Ксанта, разумеется, соглашается. Они с Валтрудой просят прощения у хозяек и спускаются на нижний этаж замка, к конюшням, свинарникам, курятникам и овчарням. И вот, стоя на грязном дощатом настиле, поглаживая желтоглазую нагловатую козу, теребя пальцами ее и в самом деле удивительно длинную мягкую и теплую шерсть, Ксанта вдруг осознает, что сталось с ее мечтами о красивой жизни.

«Вот так, милая, в хлеву твое место, и нечего прикидываться!»

Валтруда меж тем рассказывает:

— У госпожи Граннор все было заведено по старым порядкам: чтобы муж и сын только ту одежду носили, которую она и ее дамы своими руками выткали и сшили. Из своей шерсти, из своего льна. За это ее все здесь высоко чтили. Моя госпожа тоже старается этих правил держаться, но она болезненная, слабая, ей труднее. Поэтому приходится все же что-то покупать. Тем более, что люди сейчас стали расточительными, всем нужны городские наряды, а то и заграничные…

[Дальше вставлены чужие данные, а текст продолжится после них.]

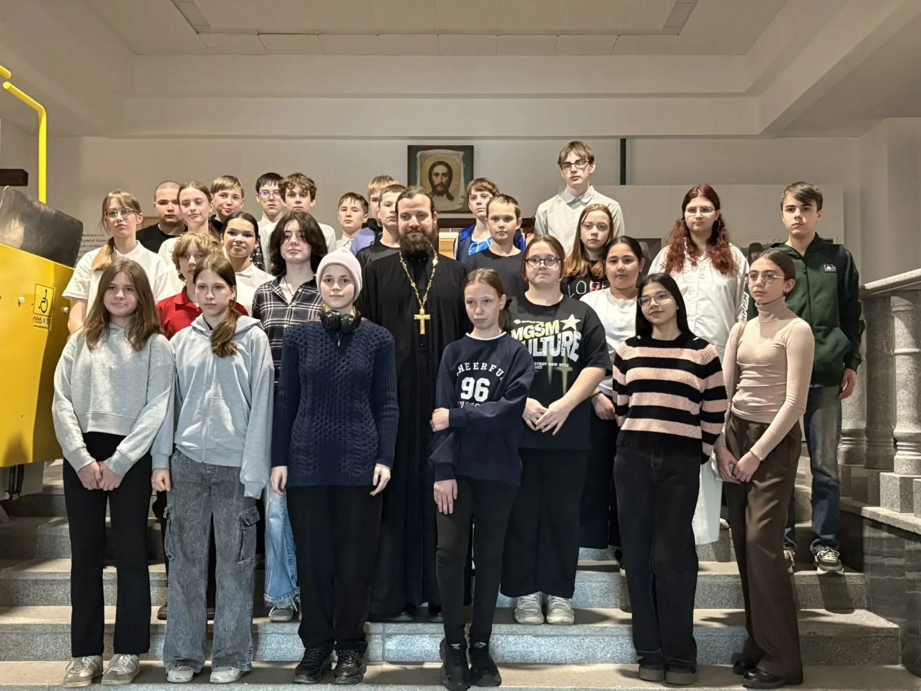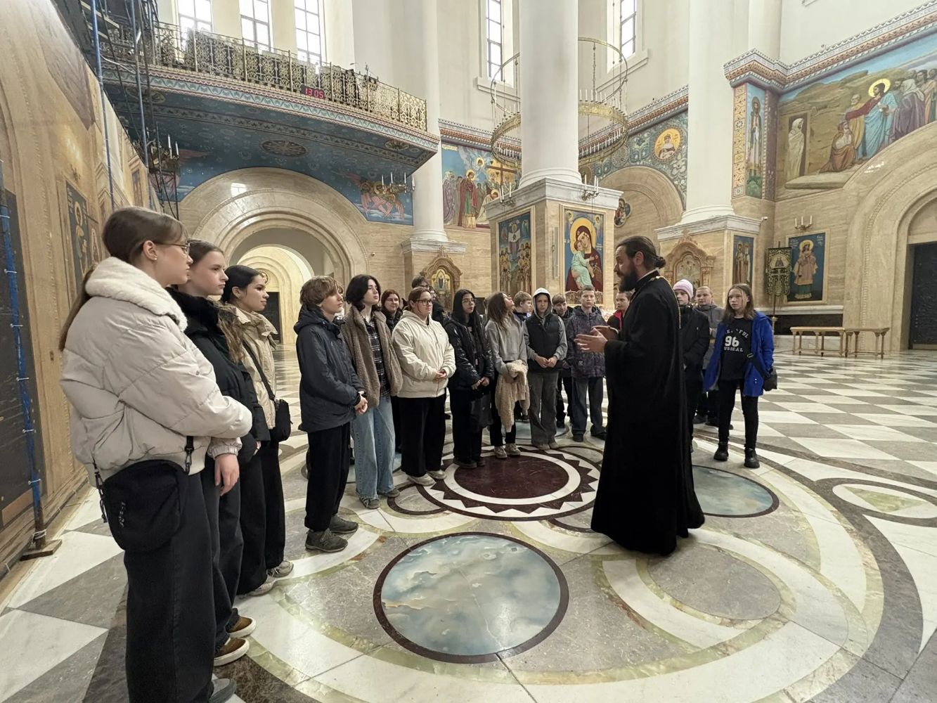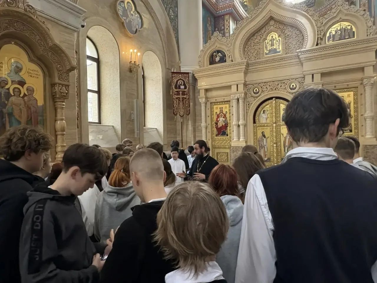 Экскурсию для ребят провёл иерей Владимир Ковальчук, руководитель епархиального отдела по вопросам семьи, защите материнства и детства. Батюшка познакомил школьников с устройством храма, рассказал о необходимости стяжать добродетели и важности уважительных отношений между юношами и девушками.

«Вот тебе и здрасьте! — думает Ксанта, — Чтобы служанка второй жены хорошо отзывалась о первой! Нет, они тут все не такие, как быть должны!»

Потом они все же возвращаются в покои дам, и Валтруда начинает показывать Ксанте, как можно связать из козьей шерсти теплую подкладку для кожаной перчатки. Ксанта, как уже упоминалось, обожает подобные штуки; кроме того, она тоже из тех, кто привык одевать себя и близких своими руками, а потому с готовностью присоединяется к работающим дамам.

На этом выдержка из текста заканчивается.